Seine Mission setzt Jesus durch drei Jahre Leben in der Öffentlichkeit fort. Das ist nun das Apostolat durch Zeugnis-Geben. Zeugnis durch Worte und Geste, beides unzertrennlich. Daher muss auch die Kirche sowohl handeln wie auch verkünden. Das sollte uns eine Warnung sein, nicht das eine gegen das andere auszuspielen. Worte, denen keine Taten entsprechen, sind Geschwätz. Handeln, ohne auf Jesus hinzuweisen, ist Sozialdienst.
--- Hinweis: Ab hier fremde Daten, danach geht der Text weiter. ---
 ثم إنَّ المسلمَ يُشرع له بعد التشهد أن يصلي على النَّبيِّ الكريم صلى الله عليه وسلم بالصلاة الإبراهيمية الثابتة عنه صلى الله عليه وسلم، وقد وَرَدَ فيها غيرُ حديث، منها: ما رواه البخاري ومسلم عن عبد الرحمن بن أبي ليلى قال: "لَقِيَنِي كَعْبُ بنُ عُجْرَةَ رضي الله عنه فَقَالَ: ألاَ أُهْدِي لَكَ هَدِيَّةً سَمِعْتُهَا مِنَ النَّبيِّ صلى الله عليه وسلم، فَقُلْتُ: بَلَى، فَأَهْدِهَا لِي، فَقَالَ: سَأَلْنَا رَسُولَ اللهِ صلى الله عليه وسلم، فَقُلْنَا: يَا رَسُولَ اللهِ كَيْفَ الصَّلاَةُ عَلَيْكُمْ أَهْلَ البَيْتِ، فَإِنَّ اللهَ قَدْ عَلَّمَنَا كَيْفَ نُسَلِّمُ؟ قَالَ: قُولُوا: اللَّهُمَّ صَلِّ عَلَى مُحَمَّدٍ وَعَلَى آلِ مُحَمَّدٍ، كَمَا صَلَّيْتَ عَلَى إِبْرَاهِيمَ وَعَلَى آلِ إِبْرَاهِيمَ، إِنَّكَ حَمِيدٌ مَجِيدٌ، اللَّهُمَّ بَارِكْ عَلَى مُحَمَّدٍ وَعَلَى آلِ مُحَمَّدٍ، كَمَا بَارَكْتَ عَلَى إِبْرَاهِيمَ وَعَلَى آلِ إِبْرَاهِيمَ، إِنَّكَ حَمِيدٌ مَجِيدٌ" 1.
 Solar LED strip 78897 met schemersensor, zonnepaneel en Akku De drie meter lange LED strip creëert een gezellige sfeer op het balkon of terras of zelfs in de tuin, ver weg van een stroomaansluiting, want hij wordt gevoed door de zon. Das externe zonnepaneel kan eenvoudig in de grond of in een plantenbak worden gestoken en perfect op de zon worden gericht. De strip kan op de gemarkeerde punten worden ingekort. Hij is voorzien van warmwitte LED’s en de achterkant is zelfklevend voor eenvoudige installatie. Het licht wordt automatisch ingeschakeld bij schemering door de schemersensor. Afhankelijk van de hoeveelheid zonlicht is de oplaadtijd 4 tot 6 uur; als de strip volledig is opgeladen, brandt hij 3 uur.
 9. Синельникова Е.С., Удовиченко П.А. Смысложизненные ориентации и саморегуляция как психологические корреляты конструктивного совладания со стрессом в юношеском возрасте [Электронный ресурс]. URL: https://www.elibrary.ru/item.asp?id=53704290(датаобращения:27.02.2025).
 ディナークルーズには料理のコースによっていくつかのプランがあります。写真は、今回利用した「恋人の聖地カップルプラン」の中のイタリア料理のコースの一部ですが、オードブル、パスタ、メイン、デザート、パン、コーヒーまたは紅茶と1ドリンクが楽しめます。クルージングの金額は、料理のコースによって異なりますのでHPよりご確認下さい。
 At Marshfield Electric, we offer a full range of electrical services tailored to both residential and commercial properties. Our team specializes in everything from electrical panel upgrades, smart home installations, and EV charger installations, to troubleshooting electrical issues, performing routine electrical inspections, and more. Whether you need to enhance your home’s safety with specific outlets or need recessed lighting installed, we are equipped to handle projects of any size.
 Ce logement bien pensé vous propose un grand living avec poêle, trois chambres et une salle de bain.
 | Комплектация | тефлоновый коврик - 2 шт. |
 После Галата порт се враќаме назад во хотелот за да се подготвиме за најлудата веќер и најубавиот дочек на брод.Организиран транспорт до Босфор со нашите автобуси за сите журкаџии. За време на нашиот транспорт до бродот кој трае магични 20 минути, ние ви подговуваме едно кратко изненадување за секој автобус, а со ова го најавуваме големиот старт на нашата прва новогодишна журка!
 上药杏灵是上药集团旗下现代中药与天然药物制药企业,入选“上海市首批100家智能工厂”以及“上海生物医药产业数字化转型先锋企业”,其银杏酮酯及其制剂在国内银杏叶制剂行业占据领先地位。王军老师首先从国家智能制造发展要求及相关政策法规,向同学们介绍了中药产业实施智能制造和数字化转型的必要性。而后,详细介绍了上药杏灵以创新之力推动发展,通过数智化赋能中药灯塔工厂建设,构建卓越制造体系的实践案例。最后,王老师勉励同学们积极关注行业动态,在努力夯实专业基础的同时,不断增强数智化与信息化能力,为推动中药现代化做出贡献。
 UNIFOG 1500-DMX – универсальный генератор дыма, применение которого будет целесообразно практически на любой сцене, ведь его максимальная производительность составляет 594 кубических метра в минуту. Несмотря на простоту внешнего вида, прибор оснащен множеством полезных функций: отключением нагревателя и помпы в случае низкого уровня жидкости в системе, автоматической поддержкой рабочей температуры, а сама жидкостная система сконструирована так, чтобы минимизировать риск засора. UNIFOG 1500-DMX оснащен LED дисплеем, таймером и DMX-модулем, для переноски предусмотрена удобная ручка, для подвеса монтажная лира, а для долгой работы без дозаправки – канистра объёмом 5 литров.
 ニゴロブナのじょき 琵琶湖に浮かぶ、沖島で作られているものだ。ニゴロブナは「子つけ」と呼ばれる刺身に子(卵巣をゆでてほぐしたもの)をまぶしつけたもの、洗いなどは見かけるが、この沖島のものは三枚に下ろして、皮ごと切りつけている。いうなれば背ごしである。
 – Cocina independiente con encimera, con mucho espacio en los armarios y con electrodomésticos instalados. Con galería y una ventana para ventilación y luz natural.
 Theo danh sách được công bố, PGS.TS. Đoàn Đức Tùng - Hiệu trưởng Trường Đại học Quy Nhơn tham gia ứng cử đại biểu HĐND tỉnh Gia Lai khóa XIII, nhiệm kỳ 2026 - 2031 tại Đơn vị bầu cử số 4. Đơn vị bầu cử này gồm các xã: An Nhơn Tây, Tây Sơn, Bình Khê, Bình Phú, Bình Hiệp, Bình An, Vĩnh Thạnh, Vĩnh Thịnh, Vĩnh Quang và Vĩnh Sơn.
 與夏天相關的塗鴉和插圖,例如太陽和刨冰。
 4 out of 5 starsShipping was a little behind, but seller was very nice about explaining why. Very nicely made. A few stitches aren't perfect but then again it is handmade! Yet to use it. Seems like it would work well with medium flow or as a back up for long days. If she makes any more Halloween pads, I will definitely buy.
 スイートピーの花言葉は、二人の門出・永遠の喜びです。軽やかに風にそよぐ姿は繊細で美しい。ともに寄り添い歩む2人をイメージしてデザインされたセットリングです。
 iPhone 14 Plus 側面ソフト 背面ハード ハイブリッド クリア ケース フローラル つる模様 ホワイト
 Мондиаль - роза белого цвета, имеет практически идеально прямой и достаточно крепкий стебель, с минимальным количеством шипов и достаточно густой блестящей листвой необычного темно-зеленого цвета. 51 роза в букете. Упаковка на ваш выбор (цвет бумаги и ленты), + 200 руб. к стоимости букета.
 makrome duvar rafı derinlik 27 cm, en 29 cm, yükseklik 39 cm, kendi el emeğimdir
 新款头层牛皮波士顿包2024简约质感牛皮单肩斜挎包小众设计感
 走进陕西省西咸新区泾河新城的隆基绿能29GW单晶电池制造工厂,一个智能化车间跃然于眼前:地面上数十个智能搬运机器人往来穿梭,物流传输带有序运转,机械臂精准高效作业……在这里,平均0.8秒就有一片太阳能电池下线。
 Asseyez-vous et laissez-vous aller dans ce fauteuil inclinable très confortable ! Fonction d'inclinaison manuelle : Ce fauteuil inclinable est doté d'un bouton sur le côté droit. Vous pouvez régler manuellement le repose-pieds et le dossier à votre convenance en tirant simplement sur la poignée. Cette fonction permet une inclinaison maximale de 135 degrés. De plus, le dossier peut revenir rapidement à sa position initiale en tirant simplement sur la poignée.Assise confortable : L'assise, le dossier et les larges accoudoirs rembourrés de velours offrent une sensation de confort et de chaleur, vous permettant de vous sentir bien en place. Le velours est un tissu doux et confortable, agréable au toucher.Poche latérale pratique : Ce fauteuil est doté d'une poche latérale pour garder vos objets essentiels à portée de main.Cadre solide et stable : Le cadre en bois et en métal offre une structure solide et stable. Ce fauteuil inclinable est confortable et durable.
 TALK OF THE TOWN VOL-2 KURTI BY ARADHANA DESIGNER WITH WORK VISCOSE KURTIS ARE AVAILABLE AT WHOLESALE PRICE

Nebenbei bemerkt: Es ist nicht die primäre Aufgabe der Laien, sich um die Pfarre und deren Aktivitäten zu kümmern: Sie sollen das Evangelium in ihrer konkreten Umwelt verkünden und vergegenwärtigen.
Der Höhepunkt der Mission Christi sind die drei Passionstage. Menschlich gesehen ein Scheitern; tatsächlich jedoch der Höhepunkt des Werkes, das Ihm der Vater aufgetragen hatte. Ähnlich ist es bei uns: Man meint, die Mission sei in schwierigen Zeiten beendet. Und dabei geht sie gerade da weiter, in vertiefter Weise. Hier setzt das Apostolat des Gebets und der Hingabe ein. Es macht alles andere fruchtbar. Es ist so wichtig, das den alten, kranken, ans Bett gefesselten Menschen zu sagen: Sie leben nicht in Zeiten des Demissionierens, sondern des Missionierens. Gerade auf diese Weise sind viele die wahren Stützen der Kirche und tragen zu deren Fruchtbarkeit bei.
Die höchste Hingabe ist das Martyrium. Wer sich selbst Tag für Tag hingibt, ist Träger der Gnade und bildet sie auf demütige und kostbare Weise ab.